→ **HOW TO COMPLETE THIS TASK**
This exercise calls for the data below to be retyped exactly, minus any images.
*** DATA PROVIDED ***
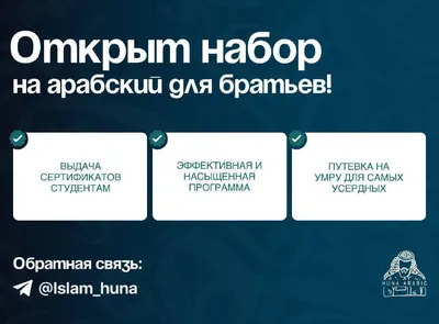 📚 Интенсивный курс арабского языка для начинающих от HUNA ARABIC для братьев. №3 Нажмите чтобы открыть описание 📚 📚Время: В 19:00 (по мск) 📚Дни: ПН СР ЧТ СБ ВС 📚 Урок: 1 час +- 📚 Примерная д
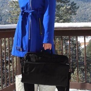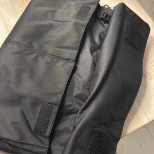 The back has one large pockett the runs the entiree side. It velcros close. Removable shoulder strap- metal has some wear. Shoulder strap is adjustable table and paddedd at the top. Bag is 27” x 11.5”
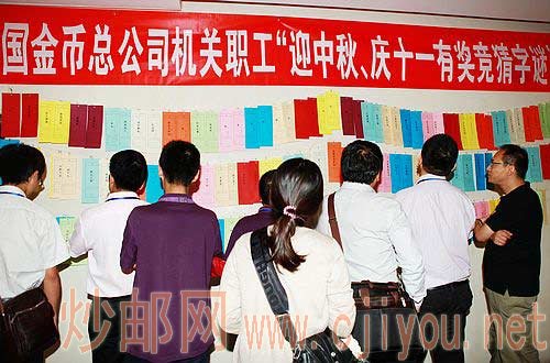 中国金币总公司机关工会举办“迎中秋、庆十一猜谜”活动 日期:2012-09-27 值中秋、国庆佳节即将来临之际,为进一步丰富职工的文娱生活,营造喜庆祥和的节日气氛,中国金币总公司机关工会于9月26日开展了“迎中秋、庆十一猜谜”活动。 「邵长年董事长参与猜谜活动」 「张汉桥总经理参与猜谜活动」 「总公司机关广大职工积极参与猜谜活动」 妙趣横生、怡情益智的竞猜谜语活动得到了总公司机关广大职工的积极关注和参与,邵长年董事长、张汉桥总经理等领导与职工利用工余时间纷纷兴致满怀地开动脑筋、共同研讨,一道道高深的谜题在金币职工面前被逐一解开。(供稿:宁波市金鑫金银饰品公司)
*** End of DATA PROVIDED ***
→ **SOLUTION**
 📚 Интенсивный курс арабского языка для начинающих от HUNA ARABIC для братьев. №3 Нажмите чтобы открыть описание 📚 📚Время: В 19:00 (по мск) 📚Дни: ПН СР ЧТ СБ ВС 📚 Урок: 1 час +- 📚 Примерная д
 The back has one large pockett the runs the entiree side. It velcros close. Removable shoulder strap- metal has some wear. Shoulder strap is adjustable table and paddedd at the top. Bag is 27” x 11.5”
 中国金币总公司机关工会举办“迎中秋、庆十一猜谜”活动 日期:2012-09-27 值中秋、国庆佳节即将来临之际,为进一步丰富职工的文娱生活,营造喜庆祥和的节日气氛,中国金币总公司机关工会于9月26日开展了“迎中秋、庆十一猜谜”活动。 「邵长年董事长参与猜谜活动」 「张汉桥总经理参与猜谜活动」 「总公司机关广大职工积极参与猜谜活动」 妙趣横生、怡情益智的竞猜谜语活动得到了总公司机关广大职工的积极关注和参与,邵长年董事长、张汉桥总经理等领导与职工利用工余时间纷纷兴致满怀地开动脑筋、共同研讨,一道道高深的谜题在金币职工面前被逐一解开。(供稿:宁波市金鑫金银饰品公司)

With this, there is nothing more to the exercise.